Parlando di utopia non voglio affatto affermare che si debba ritenere impossibile, per qualche misteriosa ragione, la riproduzione tecnica di procedure che si possano chiamare «intelligenti». Fornendo una definizione opportuna di procedura intelligente la questione di questa possibilità potrebbe essere anzi considerata già positivamente risolta. Non dobbiamo infatti dimenticare che quando si parla di intelligenza artificiale non si fa affatto solo un discorso al futuro, ma ci si richiama anche a prodotti già pronti e reperibili sul mercato. Anche tenendo conto di ciò non vedo per quali ragioni si debba mantenere quel riferimento utopico che poteva forse essere giustificato come elemento propulsore negli stadi più arretrati di questi sviluppi.
Si tratta dunque di attenersi alla dimensione reale del problema. Ciò che io mi chiedo è, in altri termini, se non dobbiamo prendere atto, appunto realisticamente, di un momento nuovo nel rapporto tra l’uomo del novecento e la tecnologia del novecento, tra noi e la nostra tecnologia. Per caratterizzare questo momento nuovo parlerei forse di una sorta di pacificazione, o, ancor meglio, di superamento del disagio di fronte agli eccezionali sviluppi tecnologici che il nostro secolo ha conosciuto e che fanno parte della sua storia più interna e profonda. Questo disagio ha dato luogo a forme equivoche di rifiuto, a posizioni catastrofiche, ad atteggiamenti depressi e deprimenti di fronte alla tecnica. L’uomo è diventato antiquato - si è detto efficacemente, cioè con un’efficace dichiarazione di impotenza. Una eco di questo disagio si avverte in realtà anche in molti discorsi orientati in direzione opposta, nei discorsi euforici piuttosto che in quelli depressi.

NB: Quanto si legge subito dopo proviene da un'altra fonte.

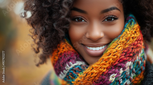 an afroamerican woman with multicolor scarf, medium smile, autumn concept

A me sembra che si debba prendere atto del fatto che ci stiamo ormai rappacificando con la nostra tecnologia, che il disagio di un tempo stia via via venendo meno. Non abbiamo dunque più bisogno di sentirci impotenti e nemmeno onnipotenti, e stiamo cercando, e forse in parte, abbiamo già trovato un giusto punto di equilibrio, un più corretto punto di vista per comprendere, giudicare e valutare. Bisogna insomma prendere atto del fatto che l’uomo del novecento è diventato adulto, anzi è invecchiato, ha quasi novanta anni - e sarebbe un grave errore non tenerne conto.